*Source data*.
══════

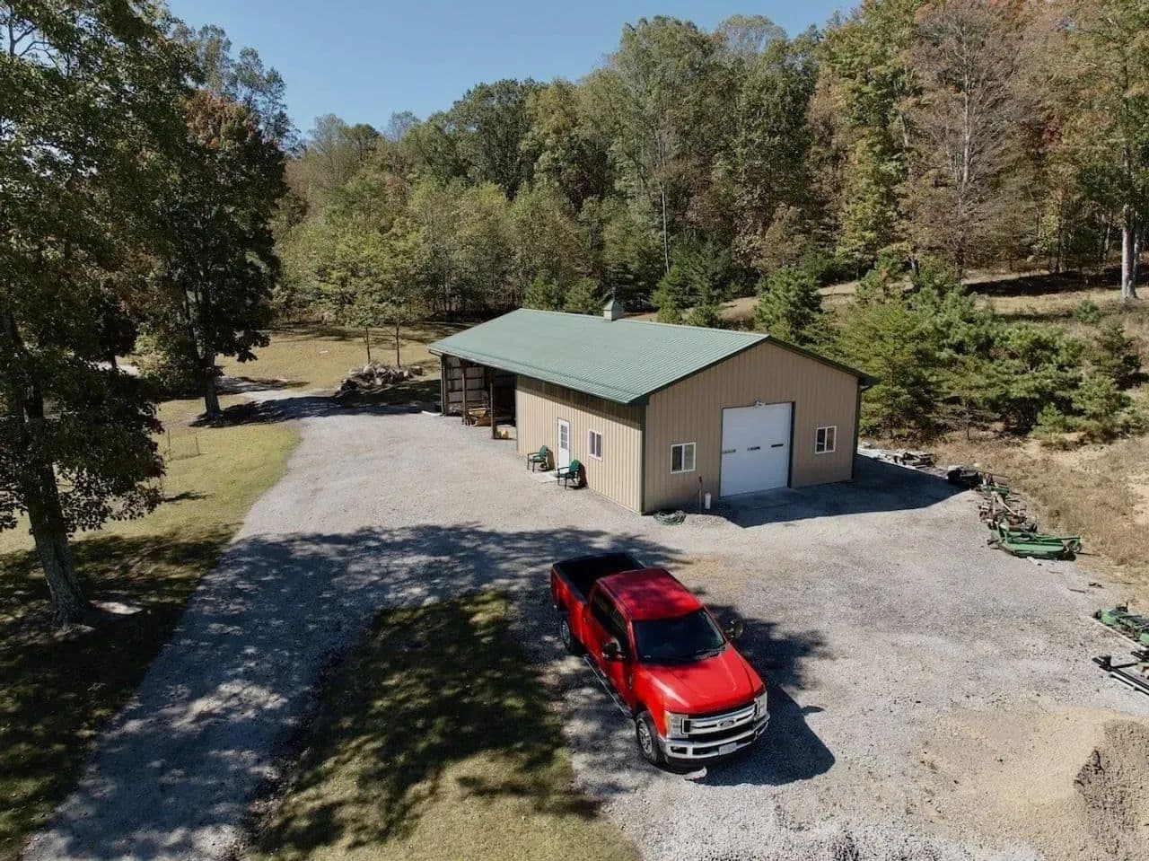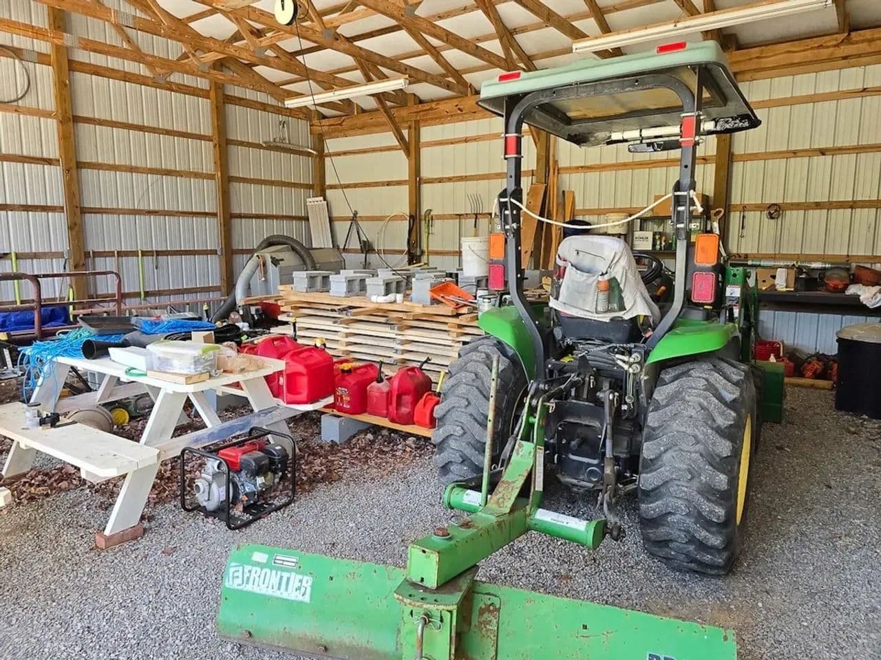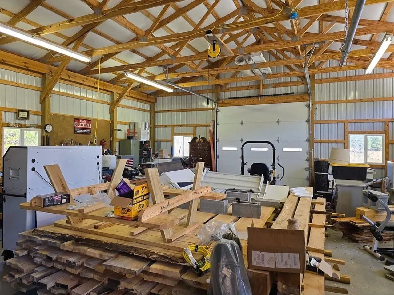 Custom-built workshop/garage complete with tools, lumber, a tractor with implements, and a low-mileage F-250 pickup—all included
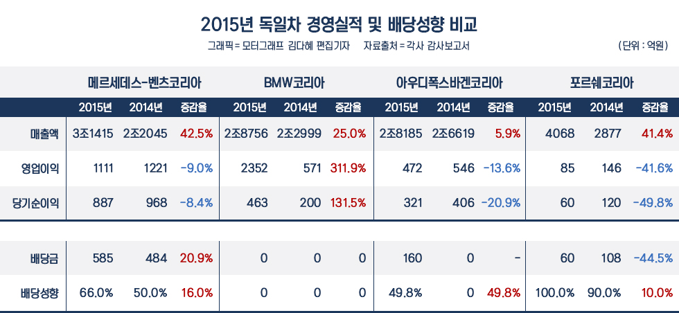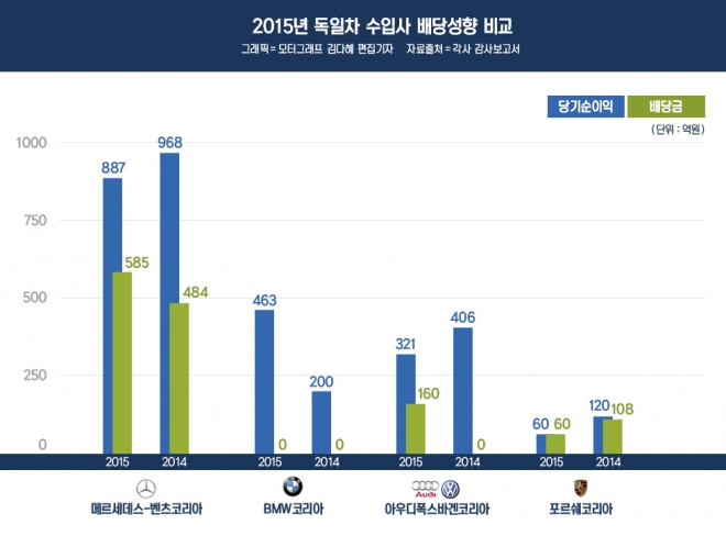 독일차 업체들의 배당성향을 두고 논란이 일고 있다. 메르세데스-벤츠코리아, 아우디폭스바겐코리아, 포르쉐코리아 등의 감사보고서를 살펴보면 작년 한 해 수익성이 악화 됐음에도 불구하고 본사와 주주에게 보내는 배당금을 확대했기 때문이다.
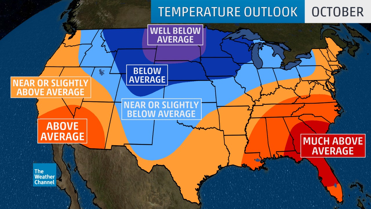 Colder-than-average temperatures are expected in October from the northern Rockies to the northern Plains and upper Midwest, with far below-average temperatures likely in the Dakotas, eastern Montana, northeastern Wyoming and western Minnesota, according to the latest outlook from The Weather Company, an IBM Business.

══════

*Your objective*.
Leave out the images and copy all remaining data word for word.

*Output of the task*.
 Custom-built workshop/garage complete with tools, lumber, a tractor with implements, and a low-mileage F-250 pickup—all included
 독일차 업체들의 배당성향을 두고 논란이 일고 있다. 메르세데스-벤츠코리아, 아우디폭스바겐코리아, 포르쉐코리아 등의 감사보고서를 살펴보면 작년 한 해 수익성이 악화 됐음에도 불구하고 본사와 주주에게 보내는 배당금을 확대했기 때문이다.
 Colder-than-average temperatures are expected in October from the northern Rockies to the northern Plains and upper Midwest, with far below-average temperatures likely in the Dakotas, eastern Montana, northeastern Wyoming and western Minnesota, according to the latest outlook from The Weather Company, an IBM Business.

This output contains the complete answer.